Without any of its pictures, the listing below should be output exactly.
--- DATA SECTION Enclosed Below ---
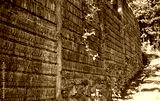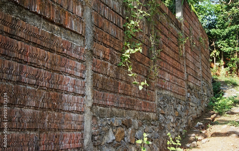 photo of a tall, sturdy fence made of neatly arranged roof tiles and given cement for reinforcement
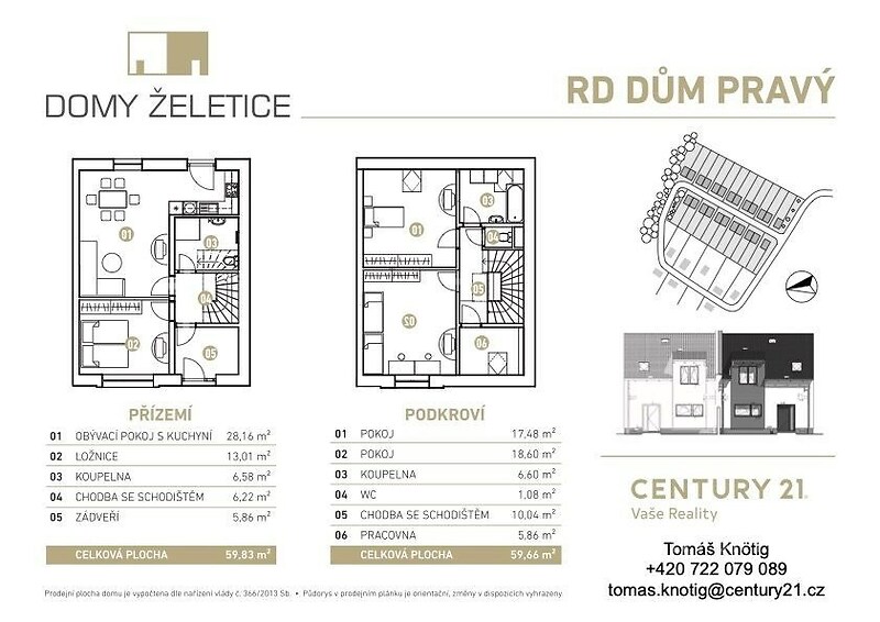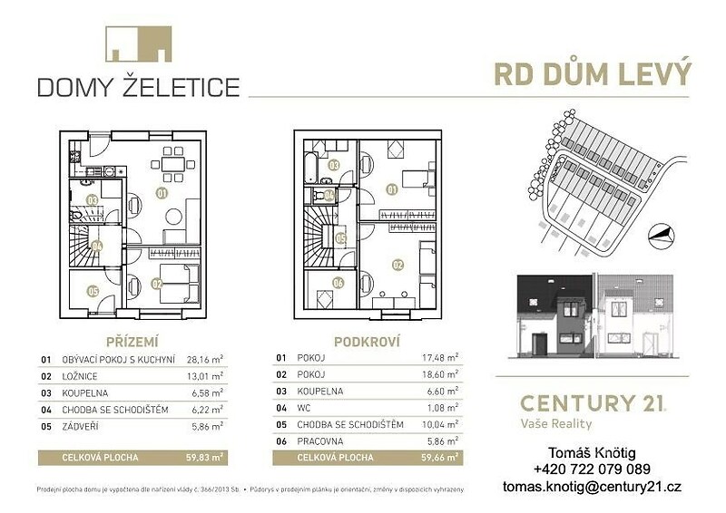 Hledáte domov, který spojuje klid venkova s technologickým standardem budoucnosti? Představuji vám novostavbu rodinného domu v malebných Želeticích u Znojma. Tento dům není jen „stavba“ – je to promyšlený prostor pro život, kde se potkává estetika s maximálním komfortem. Co dělá tento dům výjimečným? ► Zapomeňte na kompromisy. Tento dům je navržen tak, aby vás hýčkal: Akustická pohoda na prvním místě: Dělící stěna mezi domy nejen splňuje, ale dokonce převyšuje přísné normové požadavky. Užijte si naprosté soukromí a ticho bez ohledu na to, co se děje u sousedů. Energetická svoboda (PENB A): Kombinace tepelného čerpadla s teplovodním podlahovým vytápěním a plastových oken s izolačními trojskly zaručuje, nízké provozní náklady a maximální tepelný komfort. Navíc je dům připraven na instalaci fotovoltaiky. Interiér ve vaší režii: Dům vám předáme kompletně dokončený, ale finální tvář mu vdechnete vy. Navíc si můžete vybrat z kvalitního standardního vybavení dekory podlah, obkladů v koupelně, atd.... ► Technické parametry v kostce Dispozice: 4+kk (dvoupodlažní dům) Užitná plocha: 120 m² | Pozemek: 558 m² Konstrukce: Poctivá keramická cihla + kvalitní zateplení Parkování: Dvě vlastní venkovní stání přímo u domu ► Život v Želeticích? Vše na dosah ruky. Želetice nejsou jen tečkou na mapě, ale živou obcí s duší. Pro rodiny: Základní škola je doslova minutu chůze po chodníku a nová školka roste přímo v obci. Pro relax: Procházky v zámeckém parku, posezení ve vinném sklípku nebo letní osvěžení na místním koupališti s hospůdkou. Skvělá dostupnost: Do Znojma i Moravského Krumlova dojedete za 20 minut, v Brně jste za 45 minut. Obec je navíc strategickým autobusovým uzlem. ► Financování a cesta k novému domovu Chcete do nového, ale potřebujete nejdříve prodat stávající byt či dům? Žádný problém. Celý proces prodeje i následného financování s vámi vyřeším individuálně a bez stresu. Existuje řada variant, jak se k vašemu vysněnému bydlení dopracovat – společně vybereme tu nejlepší. ►►Přijeďte se přesvědčit o kvalitě provedení na vlastní oči. Těším se na vás na prohlídce!
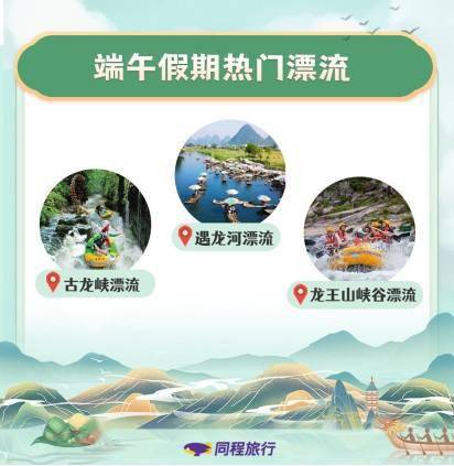 同程旅行数据显示,端午假期中国游客最关注各类避暑清凉的旅游玩法。6月以来“漂流”相关产品搜索热度上涨272%,随着国内各地气温普遍升高,众多游客组团来到城市周边,体验漂流这一亲水玩法,在山水间享受夏日的清凉。截至目前,端午期间国内最热门的漂流项目主要有遇龙河漂流、古龙峡漂流和龙王山峡谷漂流。
--- End of Enclosed DATA SECTION ---
- _ANSWER SPACE_:
 photo of a tall, sturdy fence made of neatly arranged roof tiles and given cement for reinforcement
 Hledáte domov, který spojuje klid venkova s technologickým standardem budoucnosti? Představuji vám novostavbu rodinného domu v malebných Želeticích u Znojma. Tento dům není jen „stavba“ – je to promyšlený prostor pro život, kde se potkává estetika s maximálním komfortem. Co dělá tento dům výjimečným? ► Zapomeňte na kompromisy. Tento dům je navržen tak, aby vás hýčkal: Akustická pohoda na prvním místě: Dělící stěna mezi domy nejen splňuje, ale dokonce převyšuje přísné normové požadavky. Užijte si naprosté soukromí a ticho bez ohledu na to, co se děje u sousedů. Energetická svoboda (PENB A): Kombinace tepelného čerpadla s teplovodním podlahovým vytápěním a plastových oken s izolačními trojskly zaručuje, nízké provozní náklady a maximální tepelný komfort. Navíc je dům připraven na instalaci fotovoltaiky. Interiér ve vaší režii: Dům vám předáme kompletně dokončený, ale finální tvář mu vdechnete vy. Navíc si můžete vybrat z kvalitního standardního vybavení dekory podlah, obkladů v koupelně, atd.... ► Technické parametry v kostce Dispozice: 4+kk (dvoupodlažní dům) Užitná plocha: 120 m² | Pozemek: 558 m² Konstrukce: Poctivá keramická cihla + kvalitní zateplení Parkování: Dvě vlastní venkovní stání přímo u domu ► Život v Želeticích? Vše na dosah ruky. Želetice nejsou jen tečkou na mapě, ale živou obcí s duší. Pro rodiny: Základní škola je doslova minutu chůze po chodníku a nová školka roste přímo v obci. Pro relax: Procházky v zámeckém parku, posezení ve vinném sklípku nebo letní osvěžení na místním koupališti s hospůdkou. Skvělá dostupnost: Do Znojma i Moravského Krumlova dojedete za 20 minut, v Brně jste za 45 minut. Obec je navíc strategickým autobusovým uzlem. ► Financování a cesta k novému domovu Chcete do nového, ale potřebujete nejdříve prodat stávající byt či dům? Žádný problém. Celý proces prodeje i následného financování s vámi vyřeším individuálně a bez stresu. Existuje řada variant, jak se k vašemu vysněnému bydlení dopracovat – společně vybereme tu nejlepší. ►►Přijeďte se přesvědčit o kvalitě provedení na vlastní oči. Těším se na vás na prohlídce!
 同程旅行数据显示,端午假期中国游客最关注各类避暑清凉的旅游玩法。6月以来“漂流”相关产品搜索热度上涨272%,随着国内各地气温普遍升高,众多游客组团来到城市周边,体验漂流这一亲水玩法,在山水间享受夏日的清凉。截至目前,端午期间国内最热门的漂流项目主要有遇龙河漂流、古龙峡漂流和龙王山峡谷漂流。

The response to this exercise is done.